A teacher cannot control the behaviour their pupils or a group of pupils.

You hear so many parents/ kids in tough schools going on about this teacher can't control the class, that's why I misbehave. er no its because you are choosing to behave badly.

Goldmandra · 11/04/2014 09:56

I expect students to come to me at any time if they have an issue like that.

I'm sure you understand that there are some students who don't have the confidence to raise issues unsupported. It's a learning process and the OP scaffolded her DD nicely, hopefully enabling her to act on her own the next time such a problem occurs.

brettgirl2 · 11/04/2014 09:57

however the op's daughter has a right to say she feels that the learning environment is affecting her work

lechers · 11/04/2014 09:58

Another teacher who would not have had a problem with the student raising that as an issue at parents' evening. This is precisely what parents' evening is for.

However, I also agree with the previous poster that it is very late in the year it be raising such issues.

DoJo · 11/04/2014 10:11

Given the number of people on here who are so desperate to be able to assert themselves more in the face of others' unreasonable behaviour, I am surprised that so many people think that a 16 year old shouldn't express their concerns to their teachers. When does speaking up for yourself start?

CleverWittyUsername · 11/04/2014 10:35

As a teacher of GCSE English I think it's fine. I am always glad to hear feedback from parents and students. Yes, it would be embarassing but afterwards at least I would know and be able to take proper steps. The teacher is prob aware of the issue but can't just stick his head in the sand and hope nobody else notices. With only a month of lessons left before the disappear for exams, every lesson is crucial. I'm just surprised that you or your daughter haven't mentioned it to him before if it's been that much of an issue, it seems a bit late really considering the leaving date is soon approaching.
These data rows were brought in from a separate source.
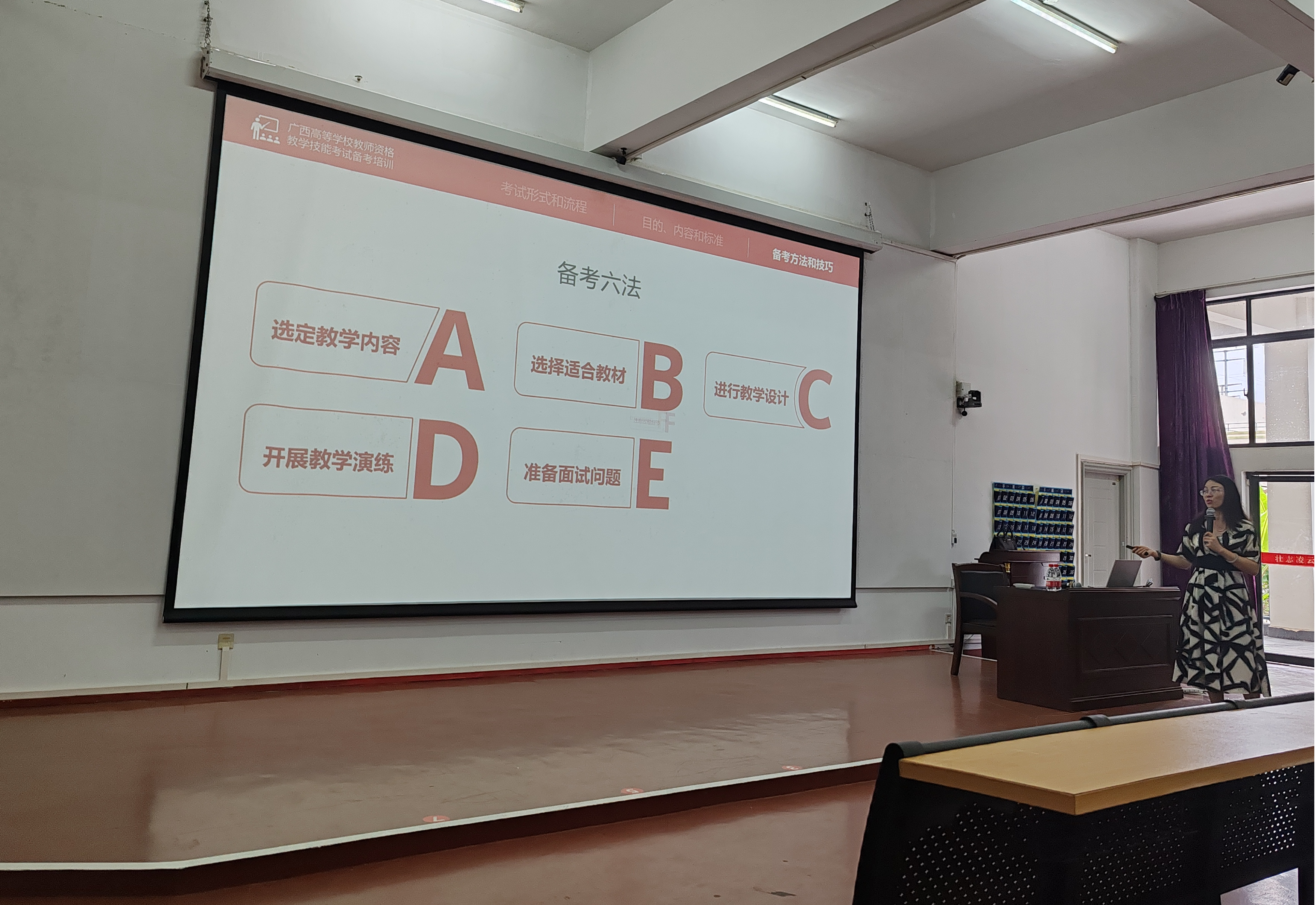 为增强我校教师高校教师资格证技能考试应试技巧,提高高校教师资格证技能考试通过率,6月7日下午,人事处(教师发展中心)邀请广西高等学校教师资格教学技能考试测试专家、FDW国际认证教学技能引导员左婧为我校今年参加高校教师资格证技能考试的教师开展了“高校教师资格证技能考试专题培训”。本次培训地点设在西校区伦理楼107,由人事处处长屈志鑫主持,各学院/部门共90余位教师参加本次培训。
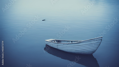 Naklejka premium Analog style boat in a lake. Tranquil Waters. A Solitary Journey on a Blue...
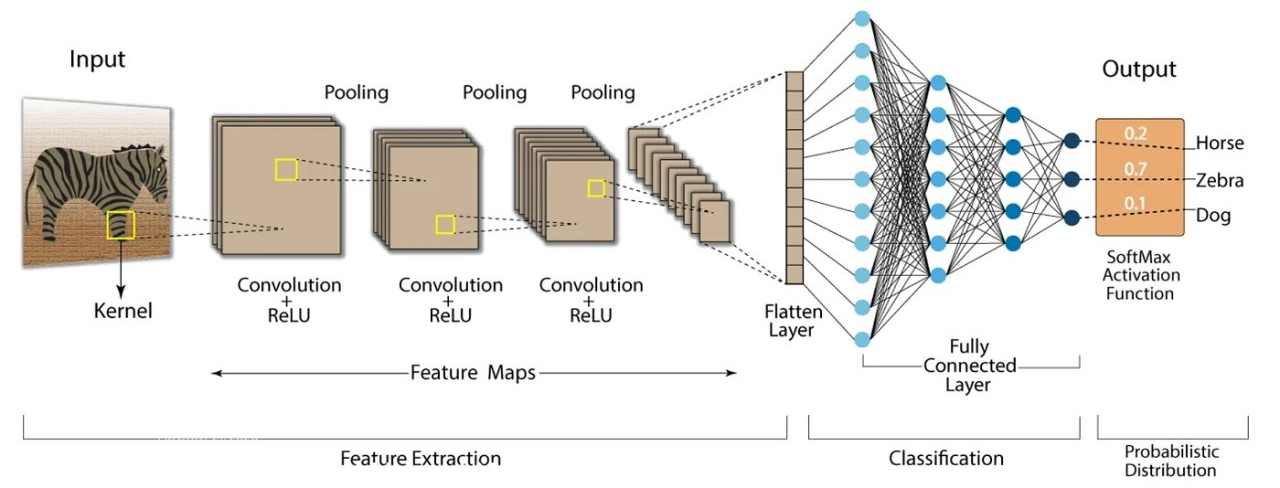 합성곱 신경망은 합성곱층(Convolutional Layer)과 풀링층(Pooling Layer)을 거치면서 입력 이미지의 주요 특성 벡터(Feature Vector)를 추출하게 됩니다. 그 후 추출된 주요 특성 벡터들은 완전연결층(Fully Connected Layer)을 거치면서 1차원 벡터로변환되며, 마지막으로 출력층에서 소프트맥스 활성화 함수를 사용하여 최종 결과가 출력 됩니다. 그럼 이제 입력층부터 출력층까지에 대해 알아보도록 하겠습니다.
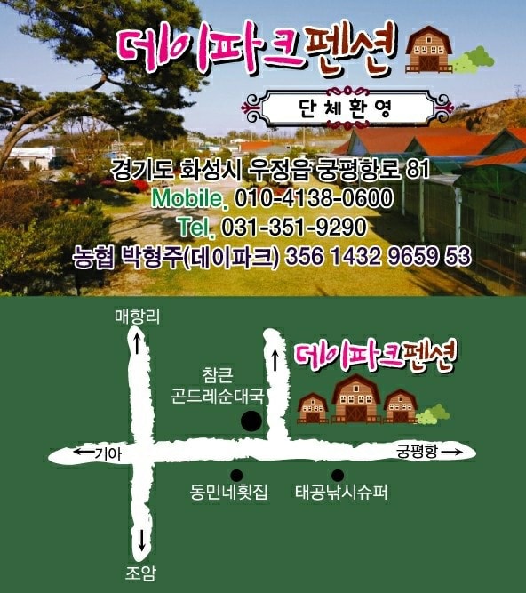 안녕하세요? 정원이 아름다운 곳에서 힐링하세요!!~~4월(철쭉과 영산홍)5월은(장미정원) 6~8월은 수국정원으로9~10월(국화) 쉼에 공간~~!! 다육 사랑으로 겨울에도 바위솔정원~~!! 석양이 멋있는 궁평항에서 신선한 회와 아이들이 좋아하는 갯벌체험,궁평항유원지 바닷길이 열리는 제부도와 요트를 즐길 수 있는 전곡항이 있습니다. 탁 트인 전망과 조용한 시골 할머니 댁에 놀러 온 정겨움을 느낄 수 있습니다.아이들이 맘껏 뛰어놀 수 있도록 대형 트램폴린과 에어바운스가 있는 놀이방, 마당에 모래놀이도 준비되어 있으며, 어른들을 위한 배드민턴, 농구도 가능합니다~ 많은 분들이 가족모임 장소로도 만족하십니다. 비오는 날에도 바베큐 가능합니다. 숙소는 단독으로 1층전체를 게스트 룸으로 추가 인원 명당 2만원(당일투숙인원포함) 어르신,노약자,아이들 출입 가능합니다. 주인 집과는 출입구가 따로 있어서 사생활 침해가 전혀 없습니다.

JennyCalendar · 11/04/2014 10:48

I'm sure you understand that there are some students who don't have the confidence to raise issues unsupported.*

Oh, definitely Gold. But it's usually much earlier in the year, or by a separate appointment. It's also quite rare in my school for a Year 11 to feel they can't speak to A staff member (not necessarily the one they're having issues with), but that is my experience in my school's culture. We encourage and welcome student opinions from Year 7, so they are all rather outspoken by Year 9 if there is anything they dislike about their learning environment.

JennyCalendar · 11/04/2014 10:52

Also, the students support each other, so if one is a bit nervous, they come as a little friendship group to speak to me. It sounds in the OP's case that there would be several disgruntled students, so they could have gone en masse to the teacher, HoD, form tutor etc.

Goldmandra · 11/04/2014 11:34

That may be the case with most of the students in your school but it's by no means the case in all schools.

I think it is entirely appropriate for this student to have found the confidence to raise this issue with the teacher. Better late than never.

Perhaps the teacher will reflect on why it wasn't raised earlier if the problem has been ongoing for some months.

FreakinScaryCaaw · 11/04/2014 11:37

I'd have done the same. DS1 is year 11 and I encourage him to be confident when it comes to his schooling. DS2 will be a different matter o he's far too shy.

YANBU.

WorrySighWorrySigh · 11/04/2014 12:53

YANBU

Absolutely the right thing to do.

It is important that students learn to express their concerns in a way which means that if appropriate they will be dealt with. Concerns about classroom management should be raised highlighting the impact poor management has on the student:

'Because the classroom is noisy I find it difficult to concentrate/hear the teacher'

Not:

'The teacher doesnt control the class so the lessons are a waste of time'

IME the former leaves little 'wriggle room' for the teacher. The latter can be easily dismissed.